Among the most vulnerable targets in cyberwarfare are deep neural networks. These deep-learning machines are vital for computer vision — including in autonomous vehicles — speech recognition, robotics and more.
“Since people started to get really enthusiastic about the possibilities of deep learning, there has been a race to the bottom to find ways to fool the machine learning algorithms,” said Yaron Singer, Assistant Professor of Computer Science at the Harvard John A. Paulson School of Engineering and Applied Sciences (SEAS).
The most effective way to fool a machine learning algorithm is to introduce noise — additional data that disrupts or skews information the algorithm has already learned. Imagine an algorithm is learning the difference between a stop sign and a mailbox. Once the algorithm has “seen” enough images and collected enough data points, it can develop a classifying line that separates stop signs from mailboxes. This classifier is unique for every dataset.
To trick the machine, all you need is basic information about the classifier and you can tailor noise specifically to confuse it. This so-called adversarial noise could wreak havoc on autonomous vehicles or facial recognition software and, right now, there is no effective protection against it. The only recourse is to recalibrate the classifier. Of course, the adversary then develops new noise to attack the new classifier and the battle continues.
But what if, as Sun Tzu suggests, your classifier could truly know all the types of noise that could be used against it and be prepared for each attack?
That’s what Singer and his team set out to do.
“We developed noise-robust classifiers that are prepared against the worst case of noise,” Singer said. “Our algorithms have a guaranteed performance across a range of different example cases of noise and perform well in practice.”

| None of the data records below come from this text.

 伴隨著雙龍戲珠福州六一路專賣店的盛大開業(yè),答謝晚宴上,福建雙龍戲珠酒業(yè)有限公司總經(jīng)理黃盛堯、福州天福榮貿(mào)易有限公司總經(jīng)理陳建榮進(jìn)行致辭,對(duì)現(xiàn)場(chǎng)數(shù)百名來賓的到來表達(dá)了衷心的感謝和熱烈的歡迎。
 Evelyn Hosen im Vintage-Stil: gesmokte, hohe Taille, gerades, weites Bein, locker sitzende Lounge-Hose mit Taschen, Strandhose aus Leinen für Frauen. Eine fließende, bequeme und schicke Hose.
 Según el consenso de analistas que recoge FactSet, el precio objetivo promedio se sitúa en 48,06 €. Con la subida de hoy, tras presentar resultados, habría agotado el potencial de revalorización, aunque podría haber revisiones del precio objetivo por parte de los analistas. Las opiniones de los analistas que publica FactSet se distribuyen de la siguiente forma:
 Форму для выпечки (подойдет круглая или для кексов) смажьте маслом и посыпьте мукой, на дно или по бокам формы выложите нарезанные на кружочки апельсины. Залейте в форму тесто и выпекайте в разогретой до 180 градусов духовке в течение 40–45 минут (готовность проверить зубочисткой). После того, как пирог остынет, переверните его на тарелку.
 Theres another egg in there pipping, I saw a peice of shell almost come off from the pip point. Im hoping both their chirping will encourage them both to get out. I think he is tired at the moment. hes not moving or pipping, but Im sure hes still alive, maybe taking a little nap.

Singer, with co-authors Robert Chen, Brendan Lucier, and Vasilis Syrgkanis, recently presented the research at the prestigious Neural Information Processing Systems conference in California.

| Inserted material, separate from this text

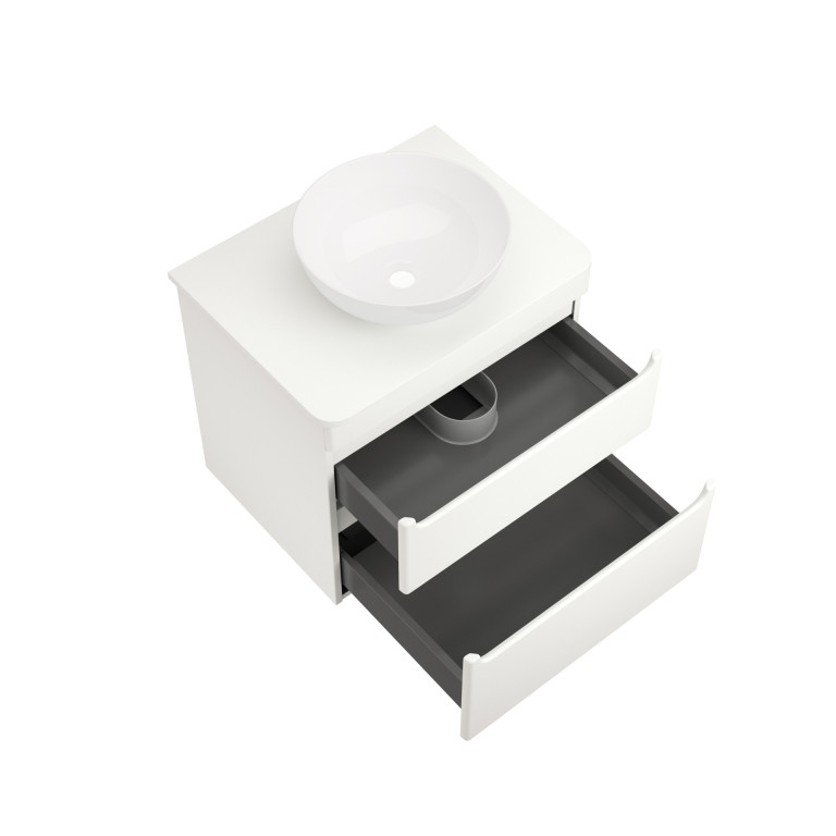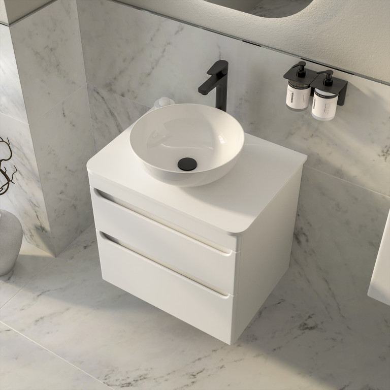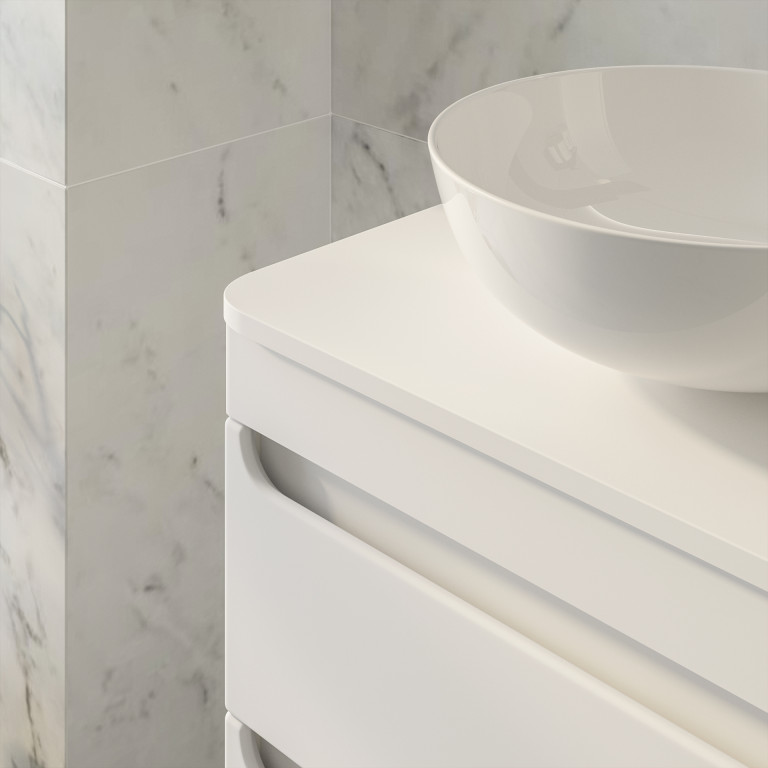 Bromont 2 Drawer Vanity 700mm with Worktop and Ceramic Sit-on Bowl - White Matt

"Our work provides new theoretical insights into how to optimize functions under uncertainty,” said Robert Chen, co-author of the research and former SEAS undergraduate. “Those functions could be measuring any number of things, however, and so the framework accommodates a wide range of problems and has a wide range of potential applications, from autonomous driving to computational biology and theoretical computer science.”
Next, the researchers hope to use this framework to tackle other problems in machine learning, such as understanding the spread of epidemics in social media.